Frequencies and percentages for the multiple-choice options of Experiment 2 (bolded as in the presented text), with corresponding formulas (not included in the presented text).

Response	UK	Italy	Overall
	N (%)	N (%)	N (%)
The percentage of individuals who do not develop Covid-19 among those vaccinated  1 – ARV [Target error]	96 (32)	96 (32)	192 (32)
The percentage of individuals who did not develop Covid-19 among those vaccinated minus the percentage of individuals who did develop Covid-19 among those vaccinated  (1 – ARV) – ARV	64 (21)	76 (25)	140 (23)
The difference between the percentages of individuals who did not and who did develop Covid-19 among those vaccinated minus the difference between the percentages of individuals who did not and who did develop Covid-19 among those not vaccinated  ((1 – ARV) – ARV) – ((1 – ARU) – ARU)	57 (19)	63 (21)	120 (20)
The percentage of individuals who did develop Covid-19 among those not vaccinated minus the percentage of individuals who did develop Covid-19 among those vaccinated, divided by the former percentage  (ARU – ARV) /ARU [Correct response]	20 (7)	29 (10)	49 (8)
The percentage of individuals who were vaccinated among those who did not develop Covid-19  (1 – ARV) / ((1 – ARV) + (1 – ARU))	31 (10)	14 (5)	45 (8)
The percentage of individuals who did not develop Covid-19 among those vaccinated minus the percentage of individuals who did not develop Covid-19 among those not vaccinated, divided by the latter percentage  ((1 – ARV) – (1 – ARU)) / (1 – ARU) = (ARU – ARV) / (1 – ARU)	26 (9)	15 (5)	41 (7)
The percentage of individuals who were not vaccinated among those who did develop Covid-19  (ARU) / (ARU + ARV)	3 (1)	4 (1)	7 (1)
Other	3 (1)	3 (1)	6 (1)
Total	300 (100)	300 (100)	600 (100)

No significant difference in the distribution of responses was observed between UK and Italian participants, ꭓ²(7, N = 600) = 12.50, p = .085, among participants with a different vaccination status, ꭓ²(28, N = 600) = 32.73, p = .246, between participants with higher and lower education levels, ꭓ²(7, N = 600) = 4.28, p = .747, between participants who had participated in a medical trial and those who had not, ꭓ²(7, N = 600) = 6.10, p = .528, nor between males and females, ꭓ²(7, N = 600) = 7.10, p = .419.
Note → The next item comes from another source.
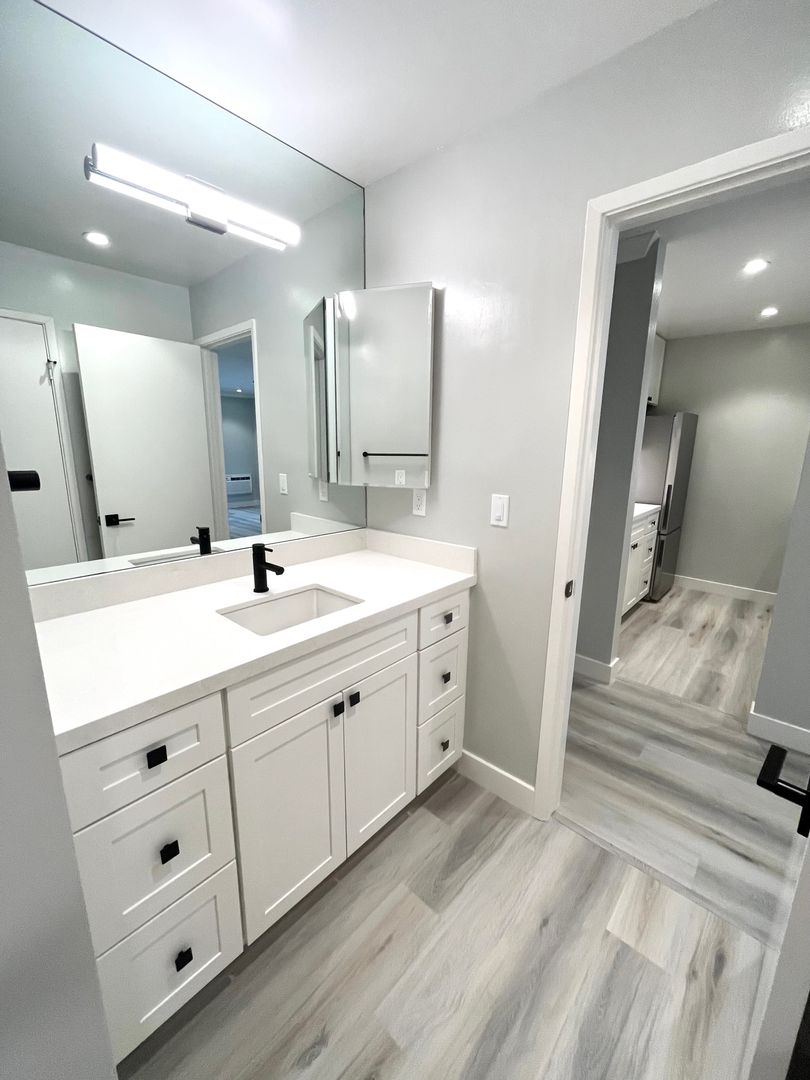 - Quartz countertop in kitchen and bathroom

Overall, the results of our first two experiments converge in indicating that a significant portion of laypeople misunderstands VE as 1 – ARV. This error appears to be genuine and not a consequence of the relative complexity of the correct answer. Indeed, the results of the open-ended question were confirmed by those of the two multiple-choice questions, in which the correct answer emerged as one of the two least-popular options, even when compared to longer and more-convoluted alternatives.

4. Confusion of vaccine efficacy with the non-incidence rate among vaccinees: behavioral implications

In this section, we present the results of a third empirical investigation, which illustrates, in terms of vaccine acceptance, the potential implications of the misinterpretation of VE documented in Experiments 1 and 2. Specifically, we compared, in samples of UK and Italian participants, the behavioral intention to receive a vaccine for a hypothetical new variant of the SARS-CoV-2 virus, as well as the attitude toward such a vaccine, when vaccine benefits were conveyed either with VE or with the corresponding non-incidence rate among vaccinees, i.e., 1 – ARV. For an illustration, see Fig. 2 .

Fig. 2.

VE and corresponding 1 – ARV values for fixed values of ARU (20%) and different values of ARV (from 2% to 10%).
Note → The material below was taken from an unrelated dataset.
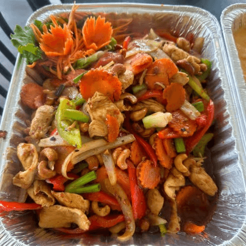Cashew nuts, bell peppers, carrots, onion with sweet chili paste

Based on the results of Experiments 1 and 2, our prediction was that, by misinterpreting VE as 1 – ARV, participants would underestimate vaccine benefits (at least for non-negligible values of ARV), and that, consequently, the presentation of the benefits in terms of VE rather than 1 – ARV would be associated with a weaker intention to receive the vaccine, as well as with a less-positive attitude toward the vaccine.

4.1. Experiment 3

4.1.1. Setting

Online data collection was carried out April 30 – May 5, 2021, through Prolific Academic (http://prolific.ac). Again, there were no time limits on task completion, and participants received 0.63 British pounds compensation. The average response time was 2 minutes.

4.1.2. Participants

We recruited a new sample of 600 participants: 296 UK residents and 304 Italian residents, all native speakers of English or Italian, respectively. The mean age of participants was 34 years (SD = 12.9), ranging from 18 to 77 years (2 participants did not declare their ages). As in Experiment 2, the UK sample was found to be significantly older than the Italian sample (M _age = 40, SD = 13.5 vs. M _age = 27, SD = 8.1, t(596) = 14.48, p < .001). Across countries, females constituted 47% (50% and 44% in the UK and Italian samples, respectively), and 51% of participants had either an undergraduate or graduate degree (54% and 47% in the UK and Italian samples, respectively). As in Experiment 2, the samples recruited in the two countries differed in SARS-CoV-2 vaccination status: 52% of UK participants versus 11% of Italian participants had already received at least one dose of the vaccine, while the percentages of those unvaccinated who intended to receive the vaccine were 37% and 80%, respectively, with less than 6% of participants selecting each of the following responses: undecided, unable or unwilling to receive the vaccine.

4.1.3. Design and stimuli

This experiment employed a 2 × 2 (information type: VE vs. 1 – ARV; ARV level: 2% vs. 8%) between-subjects design. All participants were presented with the following scenario:

Imagine that a new variant of the virus that causes Covid-19 has emerged.

This variant spreads more easily than previous variants of the virus and is estimated to afflict approximately 20% of people in your region by the end of the summer.

Studies indicate that the antibodies generated by current vaccines or prior infections with Covid-19 are ineffective against the new variant.

However, scientists have developed a new vaccine to address the new variant.

This vaccine meets regulatory safety standards and it does not negatively interact with previous vaccinations.

We employed an extremely high incidence rate (ARU = 20%) to encourage participants to think of this hypothetical variant of SARS-CoV-2 as a major threat. As a consequence, for the difference between VE and 1 – ARV to span a wide-enough range, ARV also had to be unusually high (from 2% to 8%). Note, however, that as shown in Fig. 1, similar differences can be found for lower values of ARU and, consequently, ARV.

Fig. 1.

Depicted is the difference between 1 – ARV and VE. The left plot reports the difference between 1 – ARV and VE as a function of ARU, with each curve representing a different value of ARV (from 1% to 50%). The right plot reports the difference between 1 – ARV and VE as a function of ARV, with each curve representing a different value of ARU (again from 1% to 50%). In all cases ARV is assumed never to exceed ARU.

In accordance with the experimental condition, participants were then presented with one of the following messages:

[Type of information: VE]

In a rigorous clinical study carried out in your region, scientists found that the new vaccine has an efficacy of 90% [60%].

[Type of information: 1 – ARV]

In a rigorous clinical study carried out in your region, scientists found that 98% [92%] of individuals vaccinated with the new vaccine do not develop Covid-19.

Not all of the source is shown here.